İnsan Devletini İyi Anlamalı
Şu yeryüzünde inanın her birerimiz, dertlerimize dermanlar arar dururuz. Gerçekten her birerimizin derdi farklı, her birerimizin sıkıntısı ayrı, her birerimizin çıkmazları apayrı, her birerimizin bedeni ve rûhi sıkıntıları çok değişik. Devletler de aynı insanlâr gibidir. Farklı farklı bunalımları yaşar, farklı farklı sıkıntıları yaşar, farklı farklı çıkmazları yaşar, farklı farklı hastalıkları bedenin de taşır, farklı farklı zehirleri bilerek veyâ bilmeyerek bedenin de taşır, farklı farklı bataklıkları kurutmak isterler, farklı farklı huzursuzlukları yaşar. Önce insanı irdelemeliyiz, önce âdemoğlunu anlamalıyız, önce vâr oluş ile yok oluş arasındaki yâşanan o sırra vâkıf olmalıyız.
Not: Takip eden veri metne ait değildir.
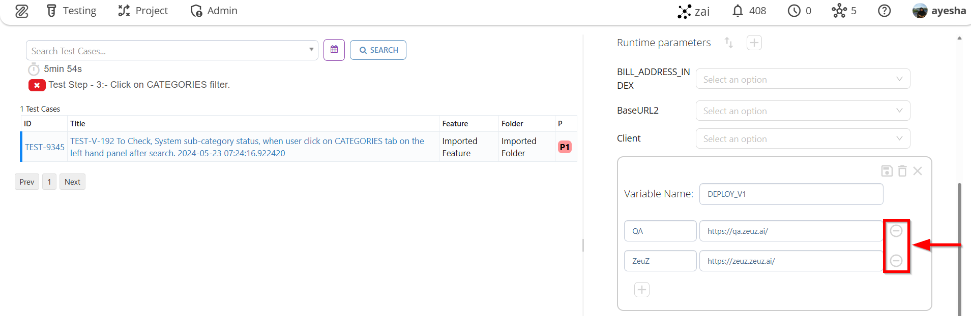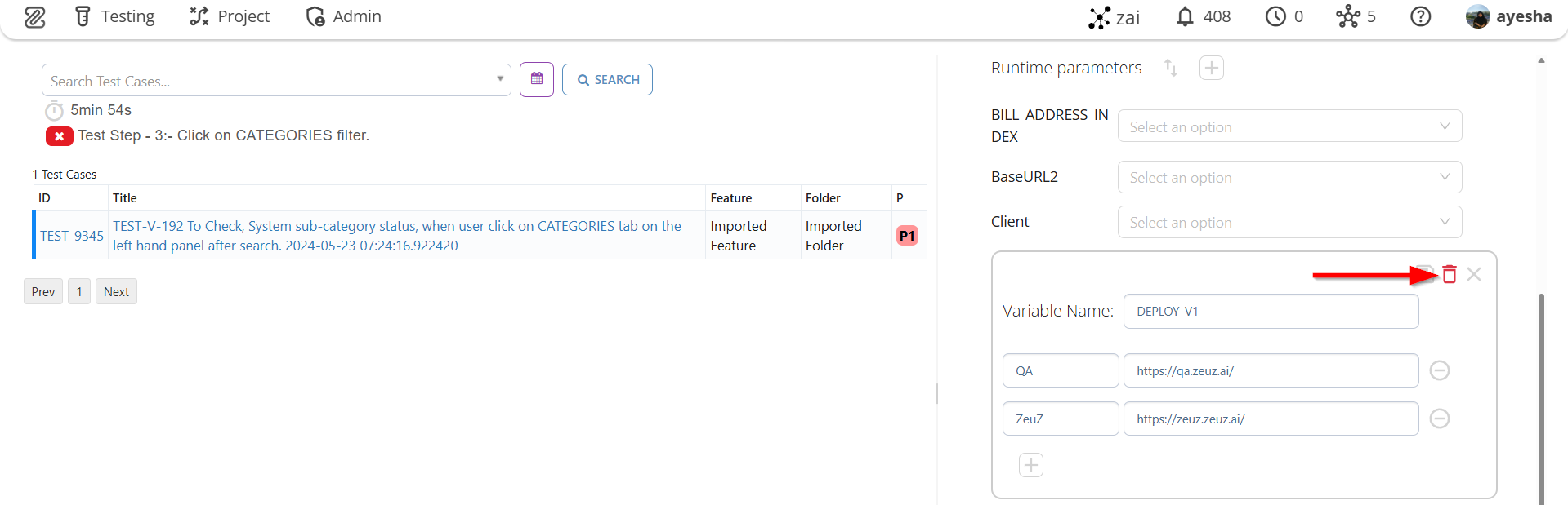 - If it is necessary to delete a specific Runtime parameter, click on the Delete icon located at the top of that Runtime parameter. The selected Runtime parameter will then be deleted.

Vâkıf olabilmek için önce aramalıyız, lâkin önce ne aradığımızı çok iyi bilmeliyiz, çok iyi bilmek için ise, neye ihtiyaç duyduğumuzu yâşamalı ve hissetmeliyiz. Unutmâ hissetmeyenler hissettiremez. Hisset ey cân hisset, önce adem oluşunu, insan oluşunu, yoktan vâr edilişini, gâlû belâdaki ahdini, yeryüzündeki vâr oluş sebebini, yeryüzüne efendi olarak yaratıldığını, hiçlik bahçesinde meyve veren bereketli tohumlardan olabileceğini hisset.
Evet evet insan en yüce, en kutsal, en bereketli, en kıymetli tohumdur.
Sen seni çürütmemeyi öğren ey azîzim ve azîzem.
Sen seni çürütmemeyi kavra ey sâlihim ve sâliham.
Sen seni çürütmemeye tâlib ol ey müminim ve müminem.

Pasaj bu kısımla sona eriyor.